= Ezra Taft Benson Agriculture and Food Institute =

The Ezra Taft Benson Agriculture and Food Institute is a 501(c)(3) organization owned by the Church of Jesus Christ of Latter-day Saints (LDS Church) and operated as a subdivision of the Church's Welfare Department that has as its goal the improvement of the nutrition and health of the rural poor.

The Institute was originally formed as part of the Brigham Young University (BYU) College of Biology and Agriculture in 1975. It was named for Ezra Taft Benson, a U.S. Secretary of Agriculture, president of the LDS Church, and an advocate for the well being of farmers. The institute still maintains ties to BYU but in January 2008 it separated organizationally from BYU and became part of the LDS Church's Welfare Program.

The Benson Institute has focused on Ecuador, Bolivia, Mexico, Guatemala, Morocco, and Ghana.

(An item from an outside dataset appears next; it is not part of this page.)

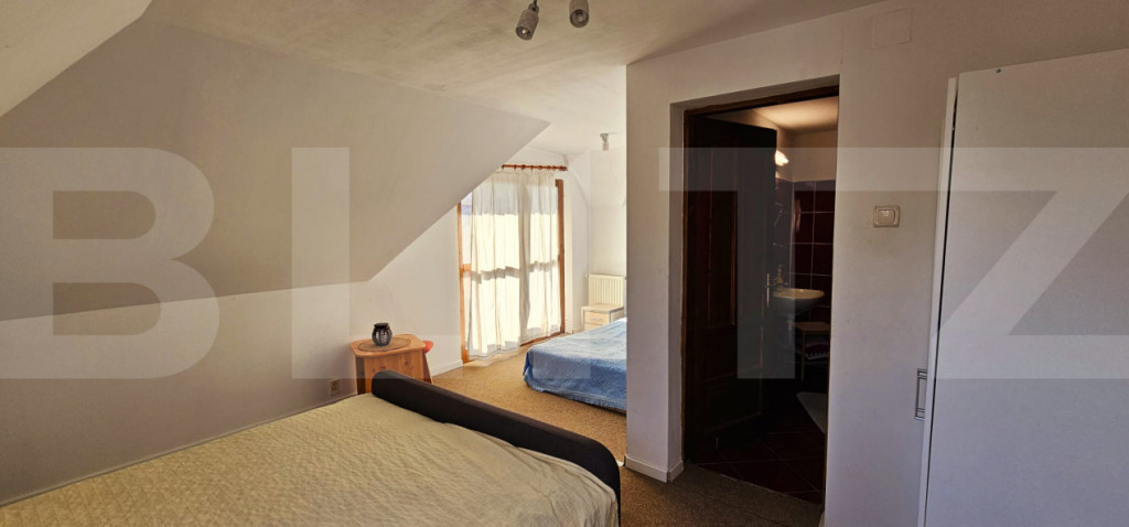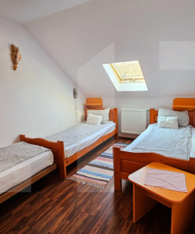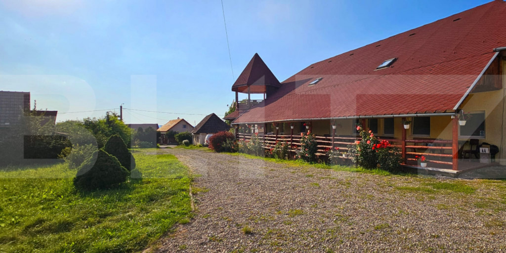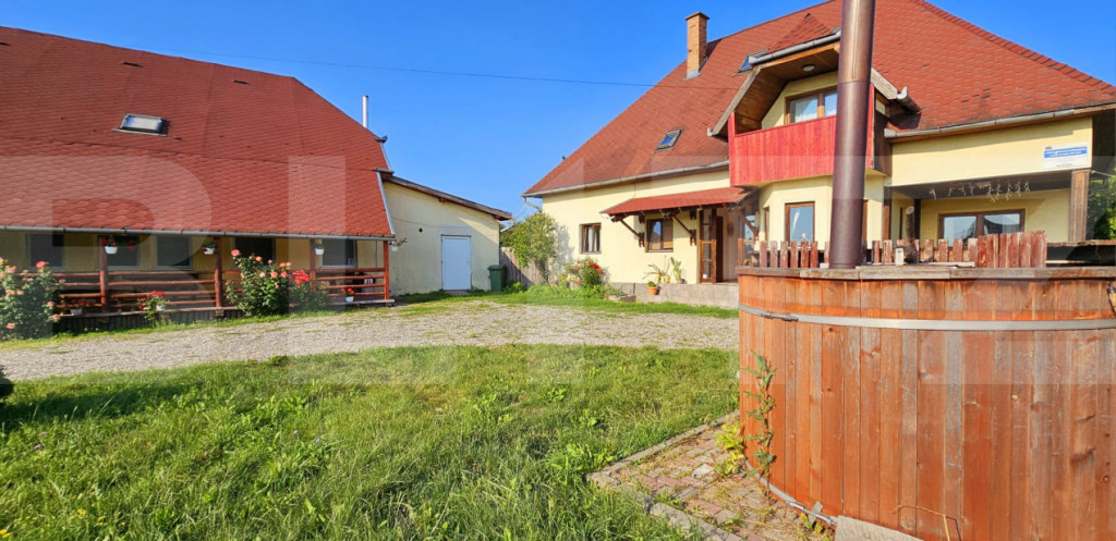 O oportunitate unică de investiție în turismul din inima Transilvaniei! Pensiunea Teglas este situată în localitatea Bicfalău, într-un cadru natural deosebit, liniștit, la marginea unei păduri de brazi, la doar 17 km de Sfântu Gheorghe și 32 km de Brașov. Caracteristici principale: • Suprafață totală teren: 1663 mp (curți construcții). • Suprafață totală utilă clădiri: aproximativ 900 mp. • Compusă din două clădiri distincte: 1. Clădire modernă (construită în 2007) – 593 mp: Restaurant cu 60 de locuri. Bucătărie spațioasă, complet utilată. 9 camere cu băi proprii. Terasă exterioară cu 60 de locuri. 2. Clădire rustică (construită în 2005) – 292 mp: 1 bucătărie completă. 1 cameră de zi. 5 camere duble și 1 apartament, toate cu băi proprii. • Capacitate totală cazare: 32 persoane + 8 locuri suplimentare (16 camere). • În curte se află și o casă veche din anul 1840, ce poate fi renovată cu ușurință pentru a extinde oferta de cazare sau pentru a crea un spațiu tematic autentic. Facilități și dotări: • Saună. • Jacuzzi interior și exterior. • Curent electric trifazat. • Apă potabilă din 2 puțuri proprii, cu sistem de filtrare. • Canalizare proprie. • Încălzire prin centrală termică pe lemne. • Parcare privată generoasă, în incintă. Alte beneficii: • Cadru natural superb, ideal pentru relaxare. • Potențial ridicat de dezvoltare – posibilitate extindere sau amenajare spații tematice. • Locație accesibilă turiștilor români și străini datorită proximității față de Brașov. Transformă această proprietate într-un business de familie sau într-o afacere turistică prosperă. Pensiunea Teglas nu este doar o investiție – este începutul unei povești. ???? Pentru mai multe detalii și vizionări, contactează-ne acum! Cod ofertă / ID BLITZ: P149509 Id intern: P149509

While part of BYU the Benson Institute was housed in B-49, which is now the home of the Neal A. Maxwell Institute for Religious Scholarship. This building is at the south-west corner of 5th East and 8th North in Provo, Utah. After joining the LDS Church Welfare Department it moved to the LDS Church Office Building in Salt Lake City.

The Institute for Self-Reliant Agriculture was organized by a group of former Benson Institute staff applying the same principles.